[Source data — start]

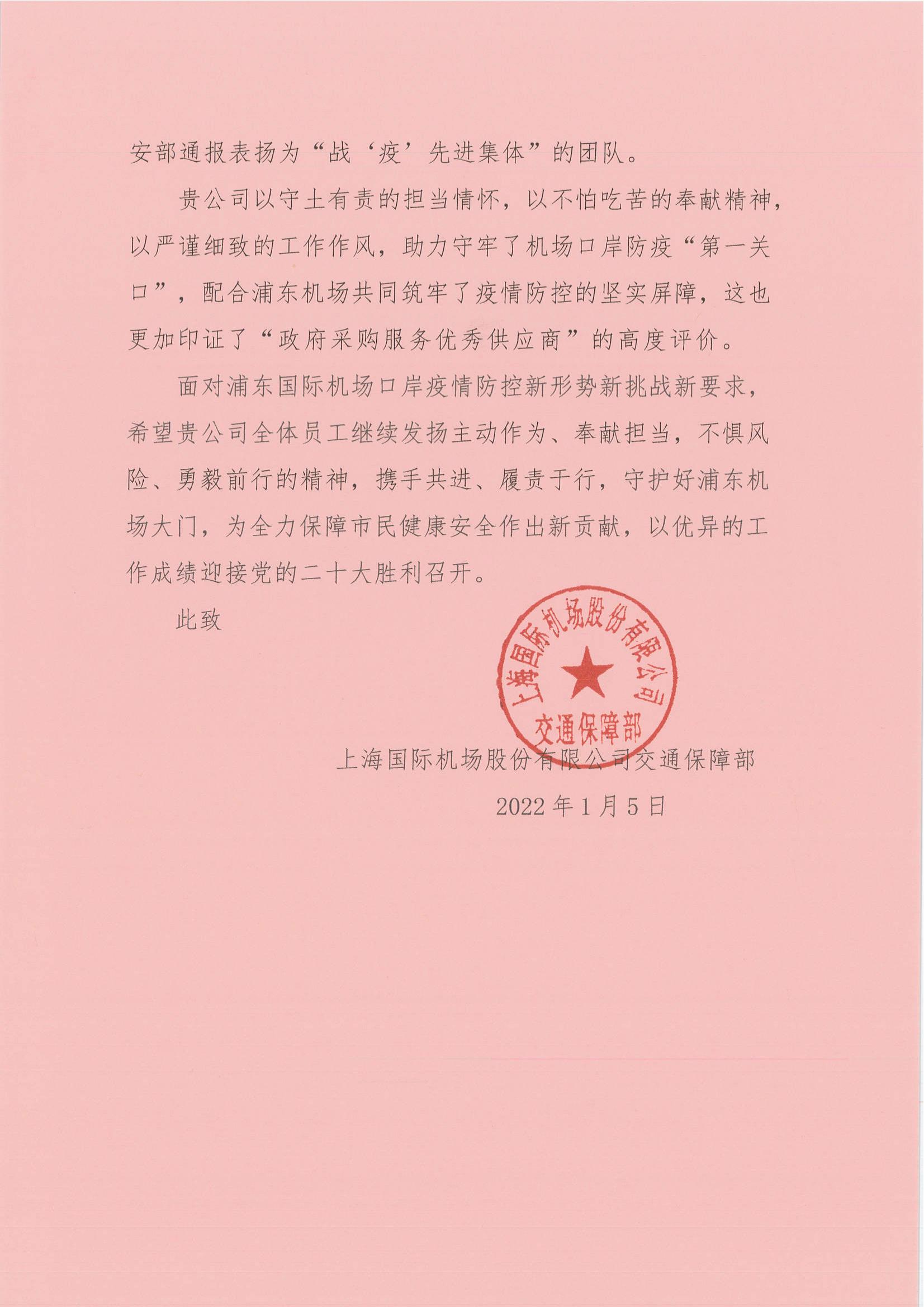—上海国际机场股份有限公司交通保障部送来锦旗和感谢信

[Source data — finish]
[Source data — start]

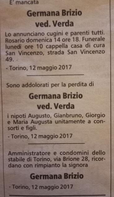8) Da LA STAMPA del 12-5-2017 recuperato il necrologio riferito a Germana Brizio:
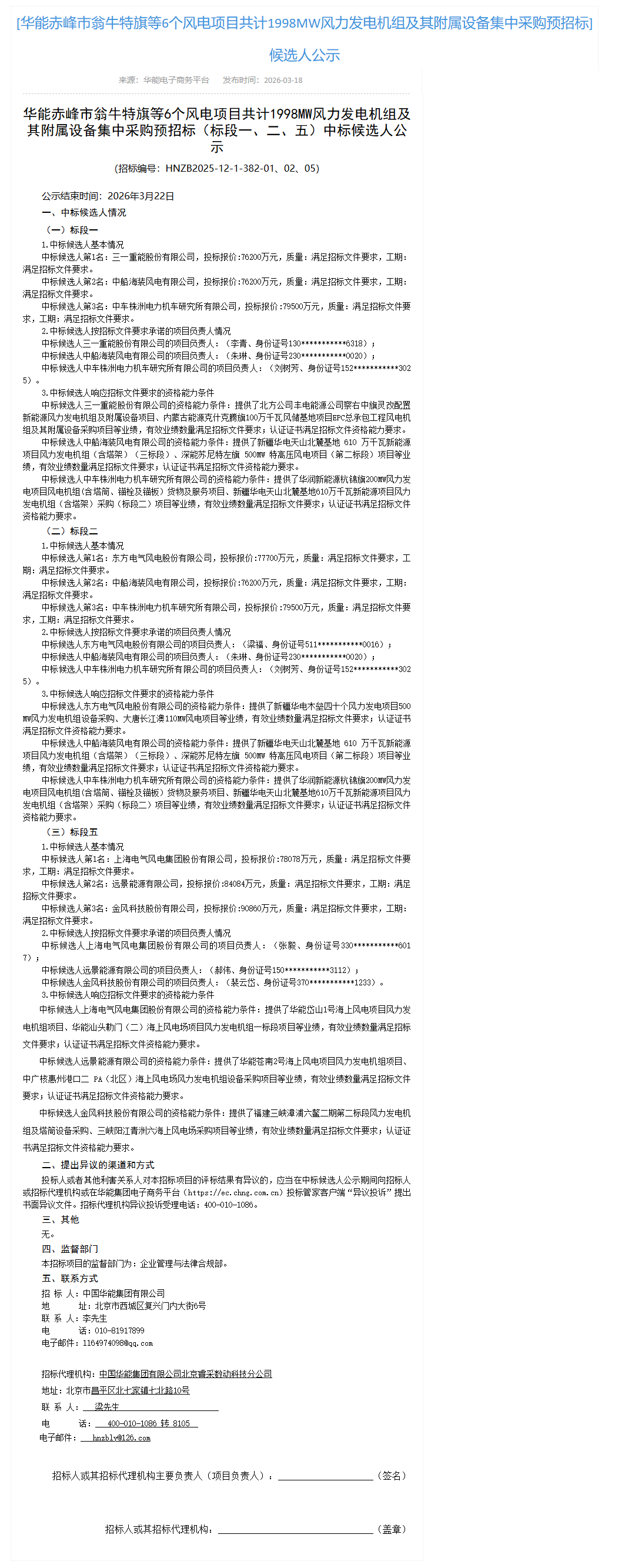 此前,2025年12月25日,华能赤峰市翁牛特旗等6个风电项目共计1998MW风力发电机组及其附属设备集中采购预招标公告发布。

[Source data — finish]
[Source data — start]

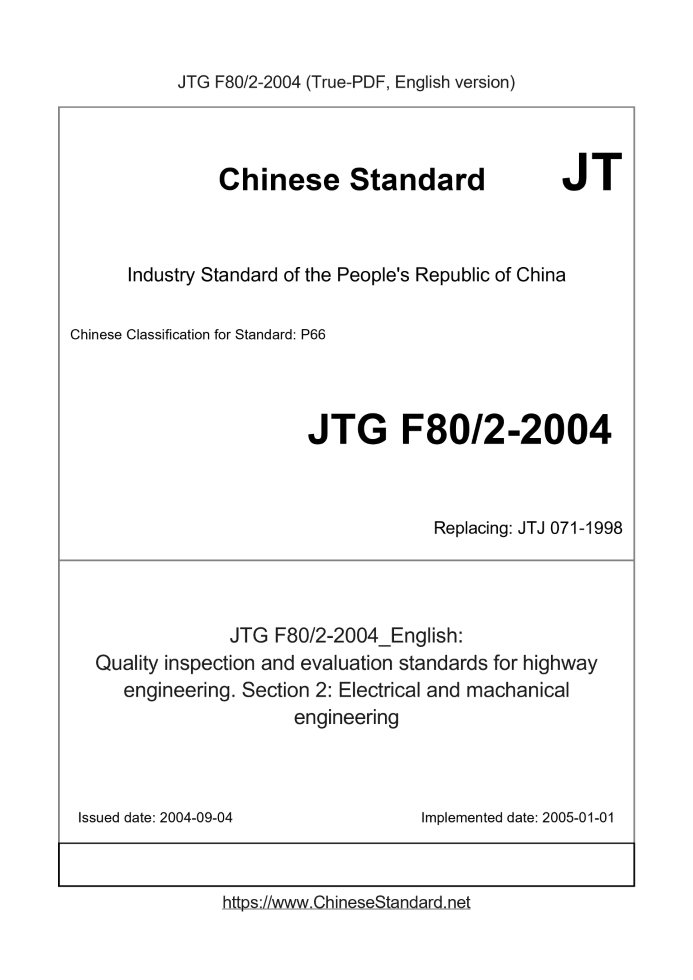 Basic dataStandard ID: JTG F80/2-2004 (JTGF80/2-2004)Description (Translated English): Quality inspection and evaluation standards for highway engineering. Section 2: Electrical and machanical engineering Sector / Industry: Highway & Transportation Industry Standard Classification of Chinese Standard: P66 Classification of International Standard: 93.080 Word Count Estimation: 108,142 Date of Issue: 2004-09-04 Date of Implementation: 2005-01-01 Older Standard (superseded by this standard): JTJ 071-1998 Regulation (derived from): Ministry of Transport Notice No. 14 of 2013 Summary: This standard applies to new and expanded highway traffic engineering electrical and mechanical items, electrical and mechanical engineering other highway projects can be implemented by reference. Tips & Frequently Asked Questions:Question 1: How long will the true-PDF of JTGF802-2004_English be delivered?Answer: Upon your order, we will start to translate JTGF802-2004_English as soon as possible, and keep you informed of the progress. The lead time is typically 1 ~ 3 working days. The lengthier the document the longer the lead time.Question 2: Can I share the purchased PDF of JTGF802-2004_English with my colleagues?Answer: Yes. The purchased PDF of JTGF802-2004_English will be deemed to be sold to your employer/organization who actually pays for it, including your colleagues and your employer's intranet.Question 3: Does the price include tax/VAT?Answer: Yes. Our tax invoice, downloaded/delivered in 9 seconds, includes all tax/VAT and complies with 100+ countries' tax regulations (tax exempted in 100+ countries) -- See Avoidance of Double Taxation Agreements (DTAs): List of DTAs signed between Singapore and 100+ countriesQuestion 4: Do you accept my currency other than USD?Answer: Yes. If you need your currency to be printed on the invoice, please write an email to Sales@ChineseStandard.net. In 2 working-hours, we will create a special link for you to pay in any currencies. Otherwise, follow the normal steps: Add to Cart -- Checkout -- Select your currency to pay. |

[Source data — finish]

# Directions for this task
In the records above, find the line with "8) Da LA STAMPA" and the line with "此前,2025年12月25日"; please transcribe exactly those two lines and all lines between them, omitting any picture.

# Reply
8) Da LA STAMPA del 12-5-2017 recuperato il necrologio riferito a Germana Brizio:
 此前,2025年12月25日,华能赤峰市翁牛特旗等6个风电项目共计1998MW风力发电机组及其附属设备集中采购预招标公告发布。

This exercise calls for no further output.